(Beginning of GIVEN INFORMATION)

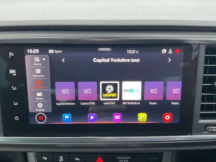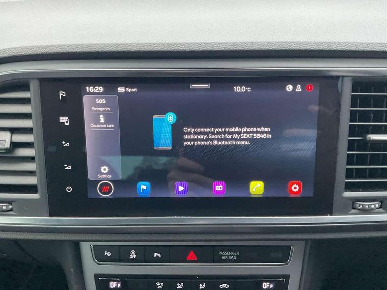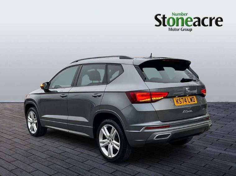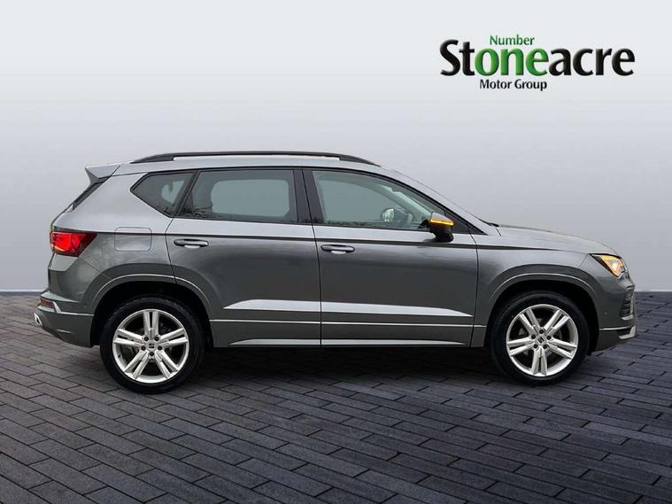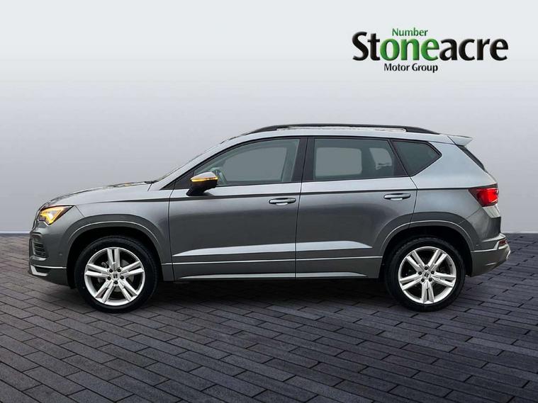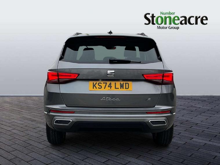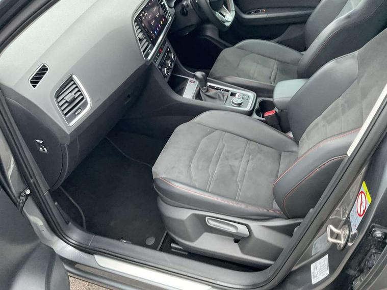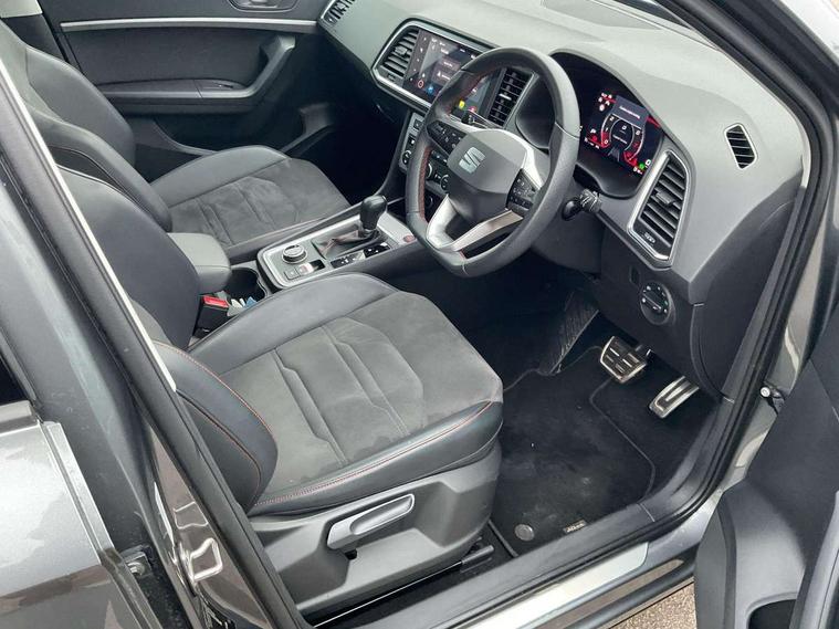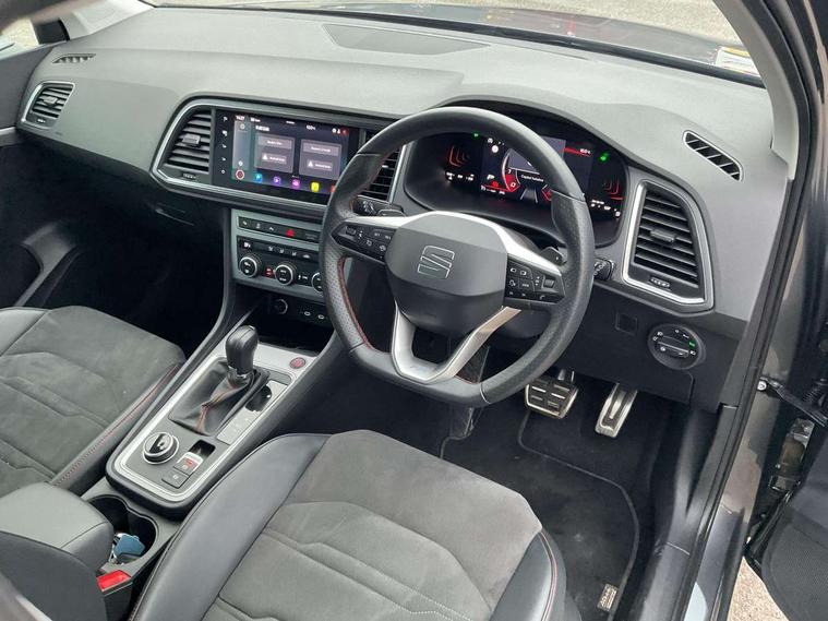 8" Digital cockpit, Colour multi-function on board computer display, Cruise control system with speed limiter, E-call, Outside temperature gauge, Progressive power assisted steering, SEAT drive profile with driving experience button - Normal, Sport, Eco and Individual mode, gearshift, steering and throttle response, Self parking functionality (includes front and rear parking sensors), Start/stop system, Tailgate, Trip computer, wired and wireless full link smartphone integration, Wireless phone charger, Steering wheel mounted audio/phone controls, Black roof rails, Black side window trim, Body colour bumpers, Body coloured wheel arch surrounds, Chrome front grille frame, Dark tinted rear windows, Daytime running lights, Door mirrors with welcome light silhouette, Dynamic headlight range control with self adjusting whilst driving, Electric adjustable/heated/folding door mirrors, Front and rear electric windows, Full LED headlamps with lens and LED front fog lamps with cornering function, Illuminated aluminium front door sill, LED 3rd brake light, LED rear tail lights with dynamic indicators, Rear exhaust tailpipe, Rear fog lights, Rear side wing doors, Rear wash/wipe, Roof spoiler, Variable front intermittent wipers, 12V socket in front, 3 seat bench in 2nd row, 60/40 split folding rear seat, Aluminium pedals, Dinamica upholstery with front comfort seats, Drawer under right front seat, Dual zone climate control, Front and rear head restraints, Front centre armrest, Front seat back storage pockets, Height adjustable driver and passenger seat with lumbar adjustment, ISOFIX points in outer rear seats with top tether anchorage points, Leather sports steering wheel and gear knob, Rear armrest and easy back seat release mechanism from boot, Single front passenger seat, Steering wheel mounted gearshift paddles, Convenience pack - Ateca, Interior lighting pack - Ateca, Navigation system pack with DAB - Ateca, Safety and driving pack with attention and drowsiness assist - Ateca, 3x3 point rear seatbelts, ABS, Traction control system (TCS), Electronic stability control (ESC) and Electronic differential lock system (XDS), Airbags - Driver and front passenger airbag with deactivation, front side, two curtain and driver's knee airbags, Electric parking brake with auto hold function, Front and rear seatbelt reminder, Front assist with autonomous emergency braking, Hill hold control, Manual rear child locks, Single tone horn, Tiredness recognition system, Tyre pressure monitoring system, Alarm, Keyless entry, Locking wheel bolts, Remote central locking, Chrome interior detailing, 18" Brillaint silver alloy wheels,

(End of GIVEN INFORMATION)
(Beginning of GIVEN INFORMATION)

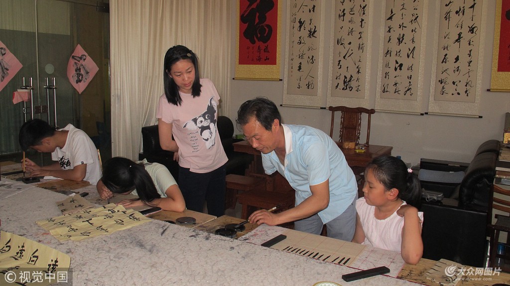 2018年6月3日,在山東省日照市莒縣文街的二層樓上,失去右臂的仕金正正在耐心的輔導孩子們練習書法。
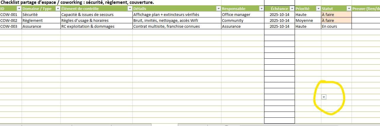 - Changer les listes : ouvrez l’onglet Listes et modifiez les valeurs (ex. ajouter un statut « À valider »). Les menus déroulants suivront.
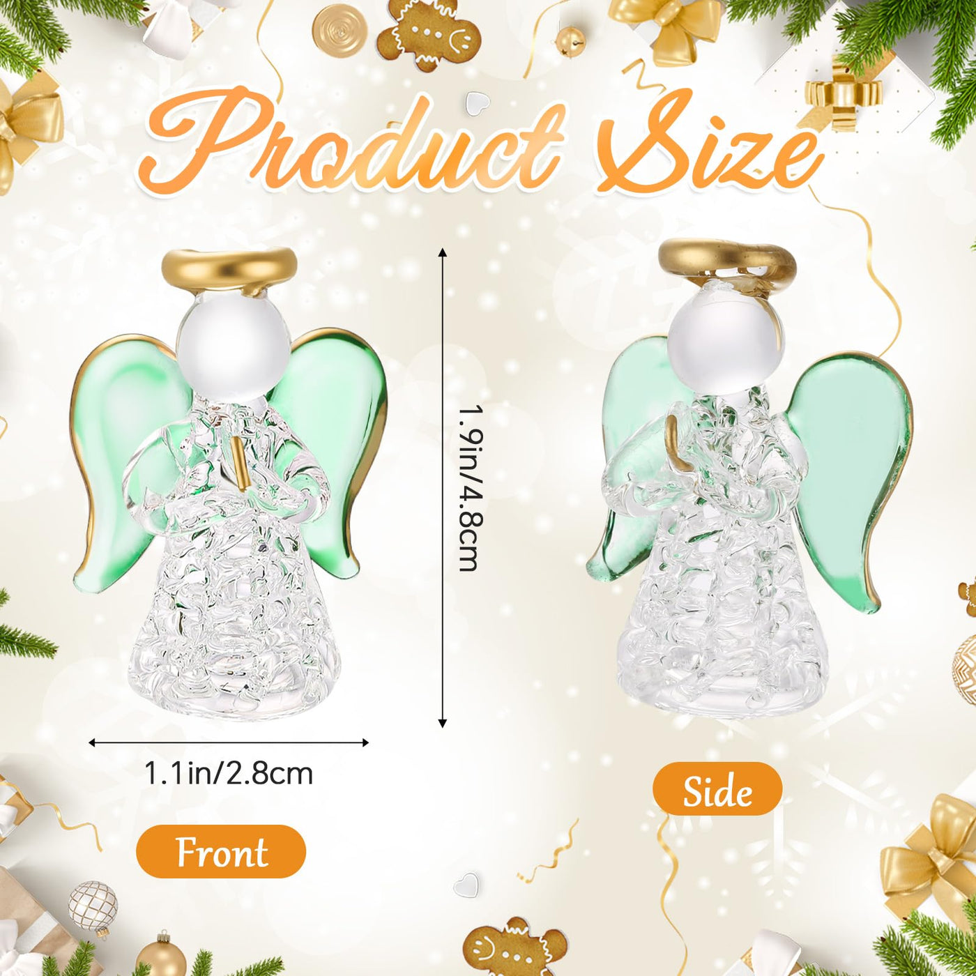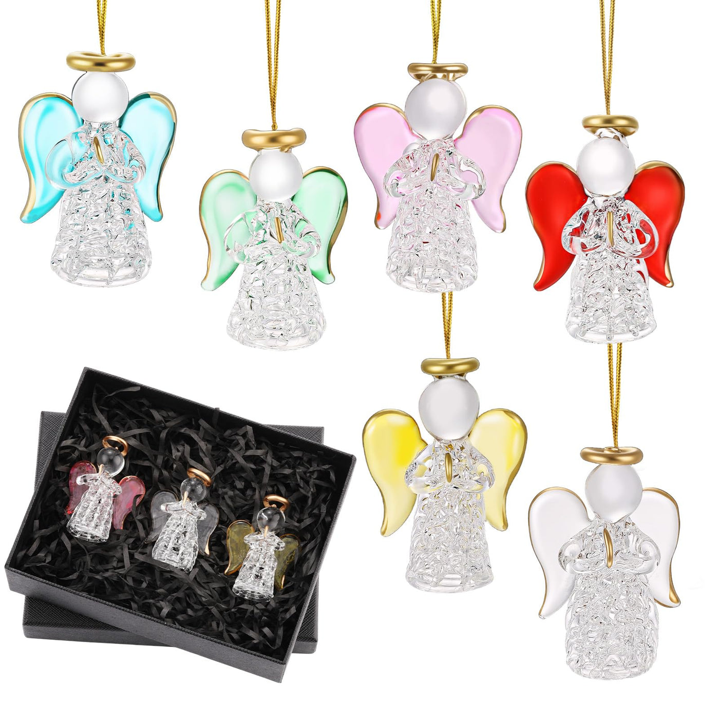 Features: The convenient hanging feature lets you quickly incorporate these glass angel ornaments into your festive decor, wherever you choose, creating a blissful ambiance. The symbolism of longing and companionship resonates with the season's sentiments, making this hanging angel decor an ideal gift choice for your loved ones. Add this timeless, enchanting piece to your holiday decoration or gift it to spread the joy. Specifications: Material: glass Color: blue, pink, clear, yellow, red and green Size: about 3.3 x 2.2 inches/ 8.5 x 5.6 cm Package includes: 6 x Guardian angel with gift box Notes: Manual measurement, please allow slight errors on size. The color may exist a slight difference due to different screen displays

(End of GIVEN INFORMATION)

* [TO DO]: Range to copy from the listing above: the line containing "2018年6月3日,在山東省" down to the line containing "- Changer les", both included. Reproduce it exactly, minus the pictures, and add nothing.

* [SOLUTION]:
 2018年6月3日,在山東省日照市莒縣文街的二層樓上,失去右臂的仕金正正在耐心的輔導孩子們練習書法。
 - Changer les listes : ouvrez l’onglet Listes et modifiez les valeurs (ex. ajouter un statut « À valider »). Les menus déroulants suivront.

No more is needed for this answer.